Define attributes and methods for the child class

Then, we can add any some new attributes (battery_size in the following code) and methods (describe_battery) necessary to differentiate the child class ElectricCar from the parent class Car.

class Car:
    """A simple attempt to represent a car."""
    def __init__(self, make, model, year):
            """Initialize attributes to describe a car."""
            self.make = make
            self.model = model
            self.year = year
            self.odometer_reading = 0
            
    def get_descriptive_name(self):
        """Return a neatly formatted descriptive name."""
        long_name = f"{self.year} {self.make} {self.model}"
        return long_name.title()

    def read_odometer(self):
        """Print a statement showing the car's mileage."""
        print(f"This car has {self.odometer_reading} miles on it.")

    def update_odometer(self, mileage):
        """
        Set the odometer reading to the given value.
        Reject the change if it attempts to roll the odometer back.
        """
        if mileage >= self.odometer_reading:
            self.odometer_reading = mileage
        else:
            print("You can't roll back an odometer!")
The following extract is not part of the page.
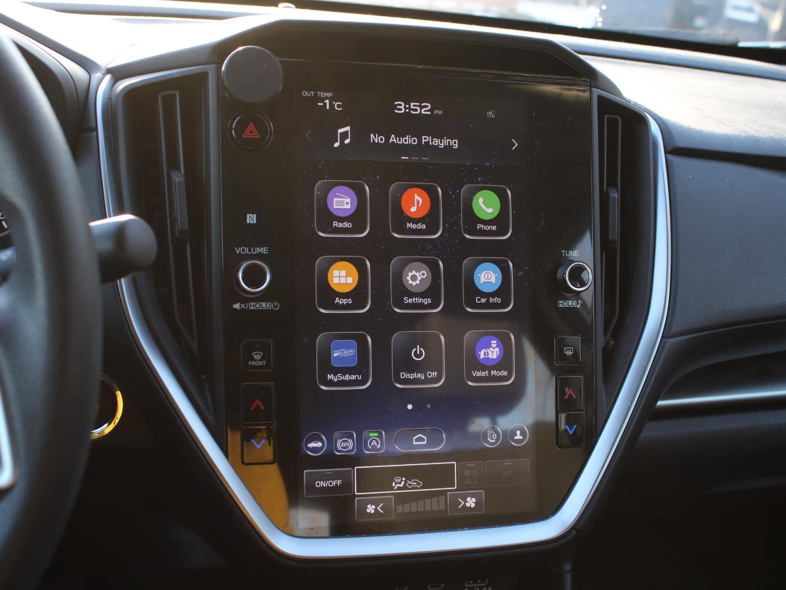 - Radio: Subaru STARLINK 11.6" Multimedia Plus Sys -inc: valet mode, AM/FM stereo, HD Radio, multi-touch gesture high resolution display screen, voice activated controls, Bluetooth® audio streaming and hands-free phone connectivity, Bluetooth® hands-free SMS text messaging connectivity, iPod control capability, rear-vision camera display, SiriusXM All Access radio (4 months free trial/subscription required after), SiriusXM Travel Link (4 months free trial/subscription required after), smartphone integration: Android Auto, Apple CarPlay, STARLINK cloud applications, 6 speakers, 3.5mm auxiliary input jack, illuminated/dual USB A and C input charge ports, roof mounted antenna and audio/satellite connected services

    def increment_odometer(self, miles):
        """Add the given amount to the odometer reading."""
        self.odometer_reading += miles

        
class ElectricCar(Car):
    """Represent aspects of a car, specific to electric vehicles."""
 
    def __init__(self, make, model, year):
        """
        Initialize attributes of the parent class.
        Then initialize attributes specific to an electric car.
        """
        super().__init__(make, model, year)
        self.battery_size = 75
    
    def describe_battery(self):
        """Print a statement describing the battery size."""
        print(f"This car has a {self.battery_size}-kWh battery.")
 
my_tesla = ElectricCar('tesla', 'model s', 2019)
print(my_tesla.get_descriptive_name())
my_tesla.describe_battery()

2019 Tesla Model S
This car has a 75-kWh battery.

Override methods from the parent class

We can override any method from the parent class, by defining a method in the child class with the same name as the method we want to override in the parent class, like fill_gas_tank() in the following code:

class Car:
    """A simple attempt to represent a car."""
    def __init__(self, make, model, year):
            """Initialize attributes to describe a car."""
            self.make = make
            self.model = model
            self.year = year
            self.odometer_reading = 0
            
    def get_descriptive_name(self):
        """Return a neatly formatted descriptive name."""
        long_name = f"{self.year} {self.make} {self.model}"
        return long_name.title()

    def read_odometer(self):
        """Print a statement showing the car's mileage."""
        print(f"This car has {self.odometer_reading} miles on it.")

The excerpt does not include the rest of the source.